Au niveau amateur, le double mixte est souvent pratiqué par… des couples. On joue avec son conjoint comme Marie-Christelle Gauche et Nicolas Cochet licenciés à Nozay dans l’Essonne (91) et qui arpentent les tribunes de Coubertin : « on joue au niveau nationale 2 et on affronte beaucoup de couples ». Des couples qui peuvent être aussi des jeunes parents traînant leurs bambins aux entrainements et aux compétitions : « on les appelle les bébés badminton, il n’est pas rare d’en voir au bord des terrains ».

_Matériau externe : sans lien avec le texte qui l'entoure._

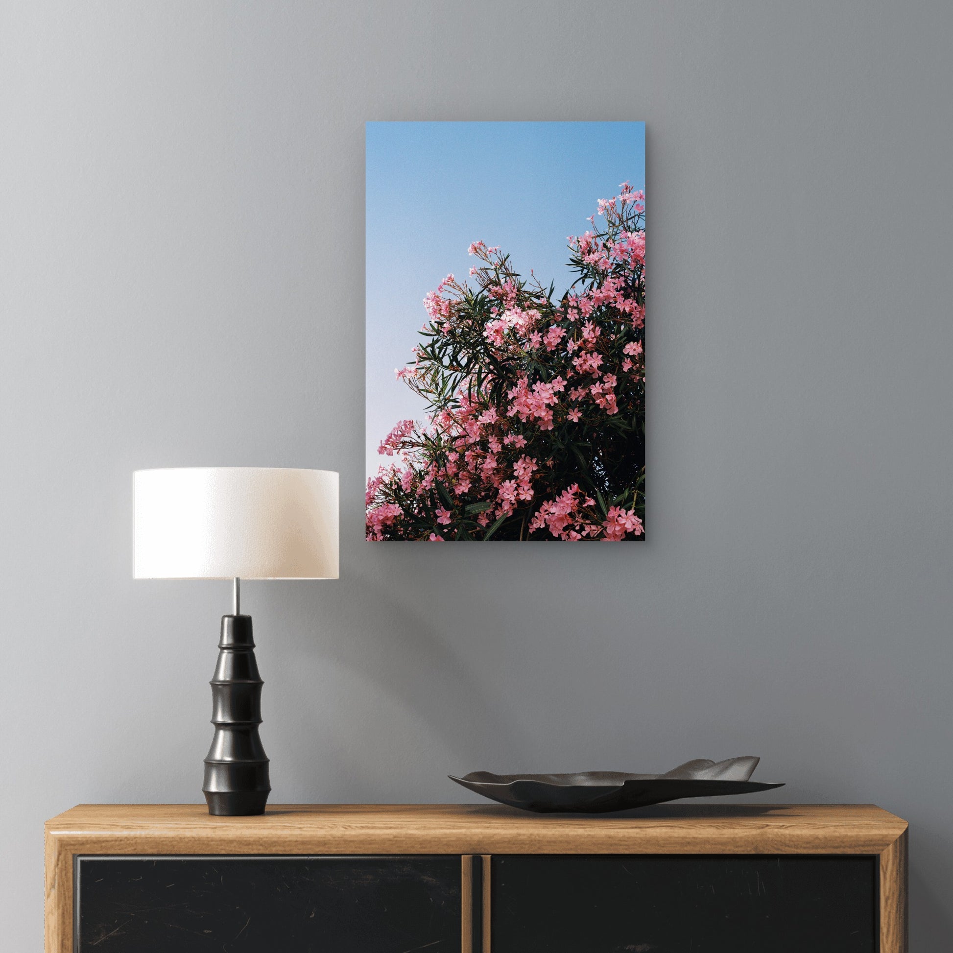 Pink Oleander Flowers Blooming Against Blue Sky 60x90cm Metal Print Ready to Hang

A l’image du double mixte, la fédération française de Badminton fait figure de bon élève en matière de parité. Les statuts ont été rédigés en ce sens. Un plan de « sport pour tous » est à l’œuvre et vise clairement la féminisation de la pratique et de l’encadrement. Avec ses soixante mille joueuses en France et ses cinq cents clubs présidés par des femmes, l’état des lieux actuel est plutôt positif.

Enfin le badminton est un sport accessible, il n’est pas nécessaire d’avoir un excellent niveau pour jouer et se faire plaisir. C’est aussi un des sports les moins onéreux, une raquette coûte environ quarante euros et la licence une centaine d’euros. De bonnes raisons pour chausser ses baskets et fouetter du volant, en attendant la prochaine édition des Internationaux de France en octobre prochain.